## The problem
Once "Sihirli kupa içine" turns up in a line below, reproduce that line and those after it exactly, stopping after the line with "El trípode Manfrotto"; leave pictures out.

(Source records)
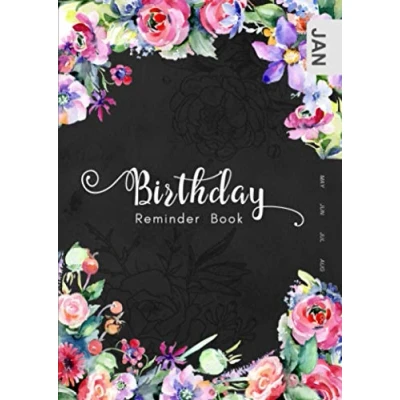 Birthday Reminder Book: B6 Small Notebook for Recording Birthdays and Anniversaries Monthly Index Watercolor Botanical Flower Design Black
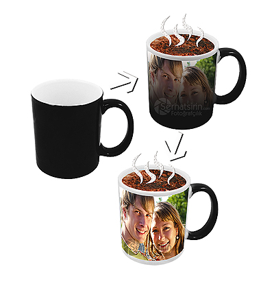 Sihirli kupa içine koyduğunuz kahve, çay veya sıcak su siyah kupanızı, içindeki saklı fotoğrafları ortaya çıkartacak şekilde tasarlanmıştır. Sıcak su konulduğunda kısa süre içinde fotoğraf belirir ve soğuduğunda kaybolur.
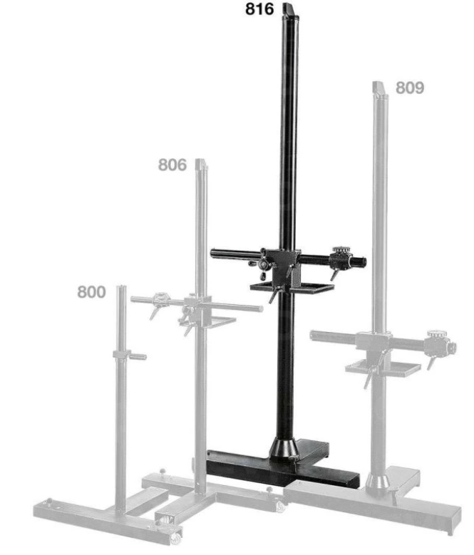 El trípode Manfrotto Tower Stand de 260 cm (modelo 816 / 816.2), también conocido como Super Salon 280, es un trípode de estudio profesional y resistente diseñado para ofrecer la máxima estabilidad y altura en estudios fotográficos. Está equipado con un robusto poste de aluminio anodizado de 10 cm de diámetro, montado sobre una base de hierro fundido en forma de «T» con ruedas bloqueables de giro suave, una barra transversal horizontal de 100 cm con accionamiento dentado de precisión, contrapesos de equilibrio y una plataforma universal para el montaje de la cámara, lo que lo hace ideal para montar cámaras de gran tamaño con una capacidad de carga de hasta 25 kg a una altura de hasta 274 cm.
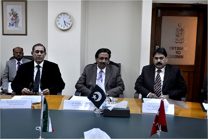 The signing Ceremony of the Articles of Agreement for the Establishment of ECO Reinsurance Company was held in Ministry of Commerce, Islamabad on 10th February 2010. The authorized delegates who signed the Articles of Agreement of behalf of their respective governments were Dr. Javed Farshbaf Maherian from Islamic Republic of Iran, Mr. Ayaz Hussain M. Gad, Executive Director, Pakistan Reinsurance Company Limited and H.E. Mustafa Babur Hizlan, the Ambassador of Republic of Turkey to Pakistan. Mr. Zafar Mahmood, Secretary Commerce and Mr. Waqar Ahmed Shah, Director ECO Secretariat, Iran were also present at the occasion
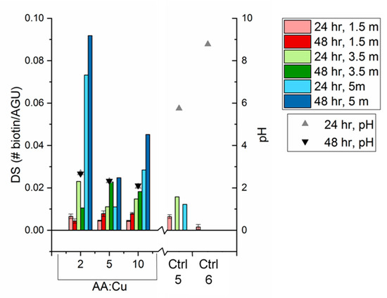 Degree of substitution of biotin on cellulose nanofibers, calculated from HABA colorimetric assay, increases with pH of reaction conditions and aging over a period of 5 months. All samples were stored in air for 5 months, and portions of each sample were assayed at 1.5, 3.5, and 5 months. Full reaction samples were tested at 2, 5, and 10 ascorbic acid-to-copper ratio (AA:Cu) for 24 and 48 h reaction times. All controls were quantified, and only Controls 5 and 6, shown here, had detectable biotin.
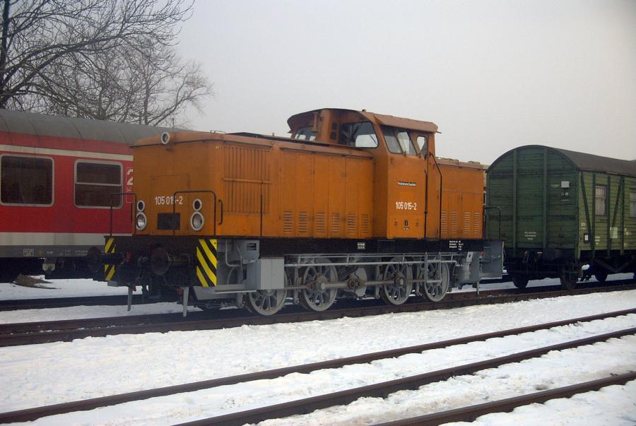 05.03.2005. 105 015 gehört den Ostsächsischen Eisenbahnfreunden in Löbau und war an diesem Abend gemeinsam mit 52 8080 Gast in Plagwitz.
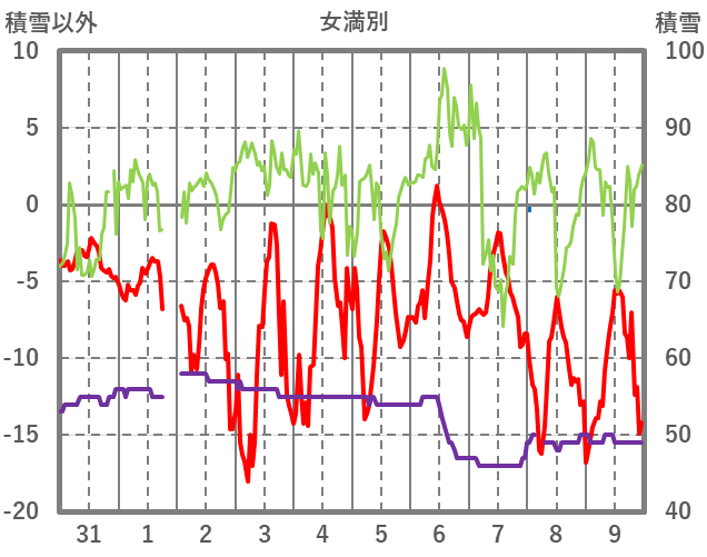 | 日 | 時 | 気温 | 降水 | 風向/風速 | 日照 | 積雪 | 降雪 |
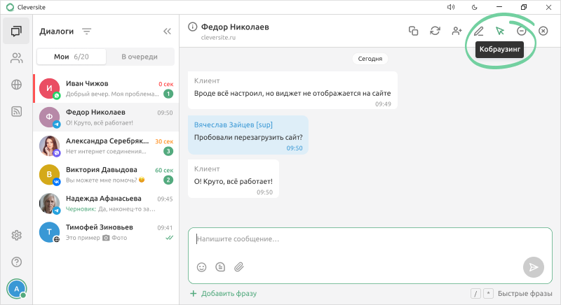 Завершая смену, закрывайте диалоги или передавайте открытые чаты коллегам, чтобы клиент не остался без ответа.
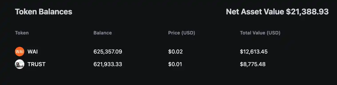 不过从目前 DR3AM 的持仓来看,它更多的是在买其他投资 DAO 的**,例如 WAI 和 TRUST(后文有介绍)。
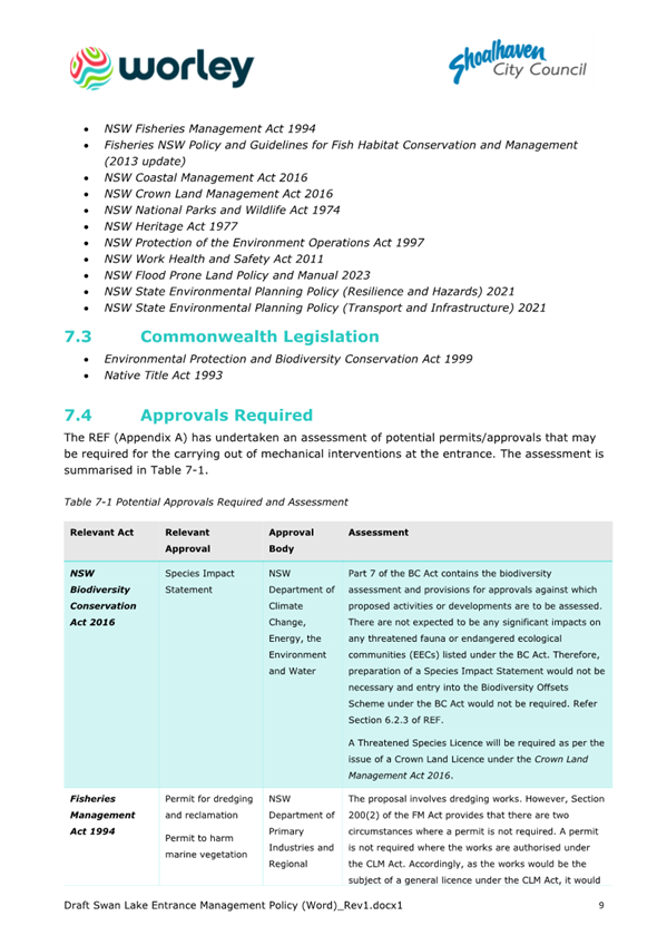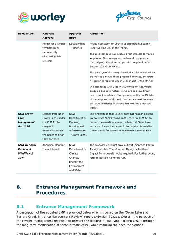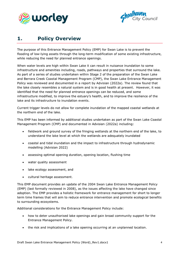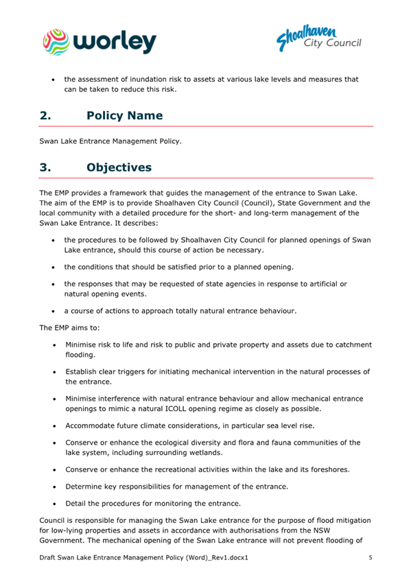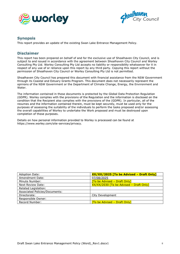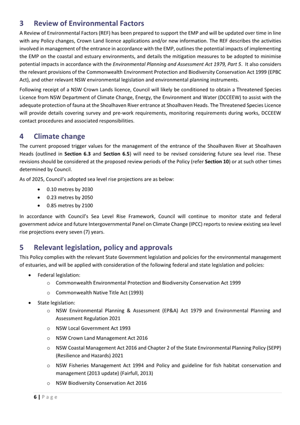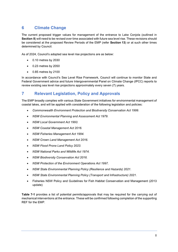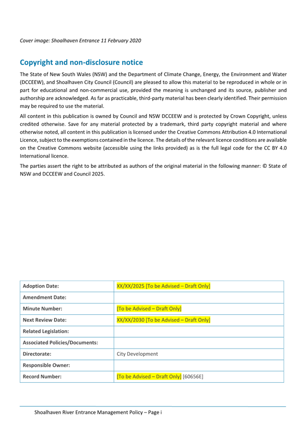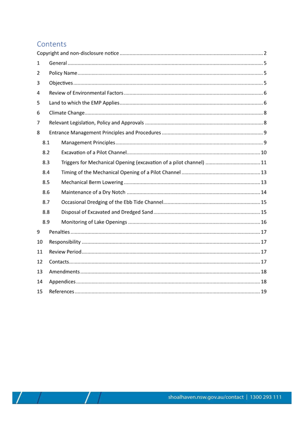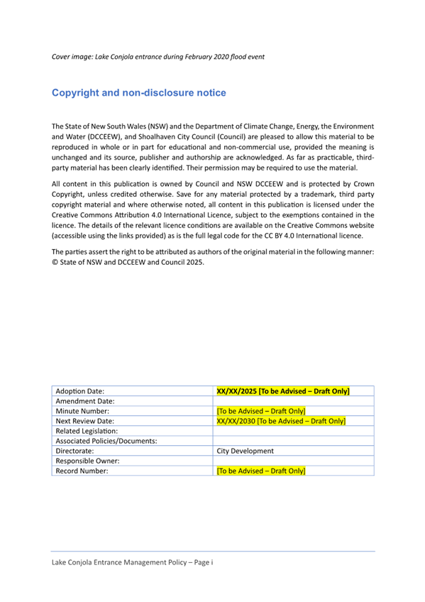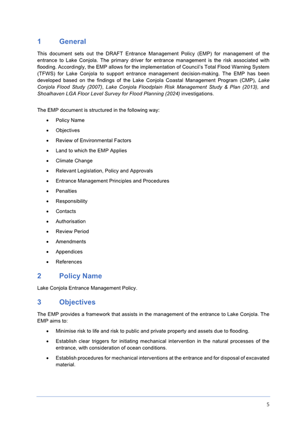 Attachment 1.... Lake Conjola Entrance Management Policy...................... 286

## Result for this task
 Sihirli kupa içine koyduğunuz kahve, çay veya sıcak su siyah kupanızı, içindeki saklı fotoğrafları ortaya çıkartacak şekilde tasarlanmıştır. Sıcak su konulduğunda kısa süre içinde fotoğraf belirir ve soğuduğunda kaybolur.
 El trípode Manfrotto Tower Stand de 260 cm (modelo 816 / 816.2), también conocido como Super Salon 280, es un trípode de estudio profesional y resistente diseñado para ofrecer la máxima estabilidad y altura en estudios fotográficos. Está equipado con un robusto poste de aluminio anodizado de 10 cm de diámetro, montado sobre una base de hierro fundido en forma de «T» con ruedas bloqueables de giro suave, una barra transversal horizontal de 100 cm con accionamiento dentado de precisión, contrapesos de equilibrio y una plataforma universal para el montaje de la cámara, lo que lo hace ideal para montar cámaras de gran tamaño con una capacidad de carga de hasta 25 kg a una altura de hasta 274 cm.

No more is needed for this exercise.